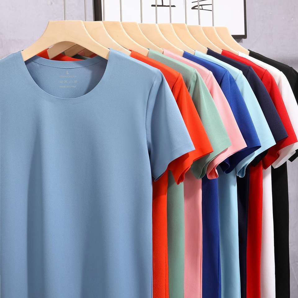 T-shirt unisexe pour homme en polyester/rayonne à coupe régulière avec impression par transfert thermique, col rond, manches courtes, logo personnalisé
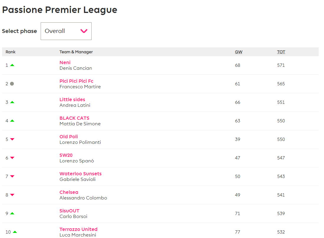 Con le partite di domenica scorsa si è conclusa la decima giornata della Premier League. Eccoci quindi pronti a vedere la classifica del nostro Fantasy dopo 10 giornate. Cambio di leader, al comando troviamo Neni di Denis Cancian con 571 punti. Seguono e completano il podio, Pici Pici Pici FC di Francesco Martire e Little sides di Andrea Latini, rispettivamente con 565 e 551.
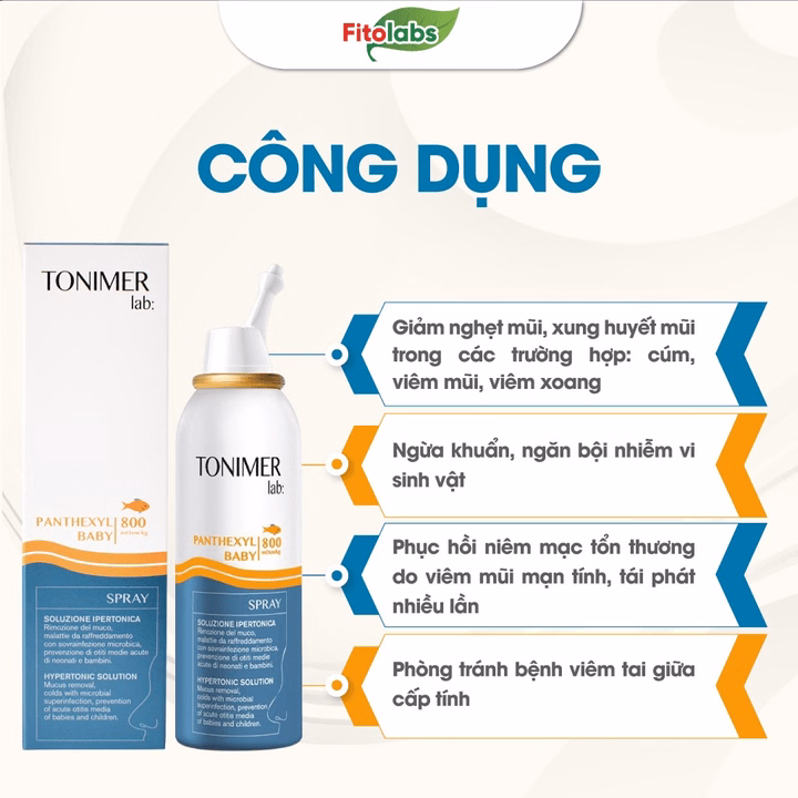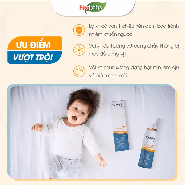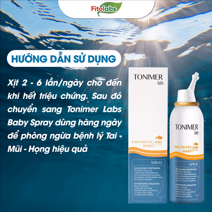 – Xịt 2-6 lần/ngày cho đến khi hết triệu chứng. Sau đó chuyển sang Tonimer Lab Baby Spray dùng hàng ngày để phòng ngừa bệnh lý Tai – Mũi – Họng hiệu quả.
──────────
Exercise ▸ Reproduce all the data as it stands. The pictures are not part of the copy.

Answer section ▸
 T-shirt unisexe pour homme en polyester/rayonne à coupe régulière avec impression par transfert thermique, col rond, manches courtes, logo personnalisé
 Con le partite di domenica scorsa si è conclusa la decima giornata della Premier League. Eccoci quindi pronti a vedere la classifica del nostro Fantasy dopo 10 giornate. Cambio di leader, al comando troviamo Neni di Denis Cancian con 571 punti. Seguono e completano il podio, Pici Pici Pici FC di Francesco Martire e Little sides di Andrea Latini, rispettivamente con 565 e 551.
 – Xịt 2-6 lần/ngày cho đến khi hết triệu chứng. Sau đó chuyển sang Tonimer Lab Baby Spray dùng hàng ngày để phòng ngừa bệnh lý Tai – Mũi – Họng hiệu quả.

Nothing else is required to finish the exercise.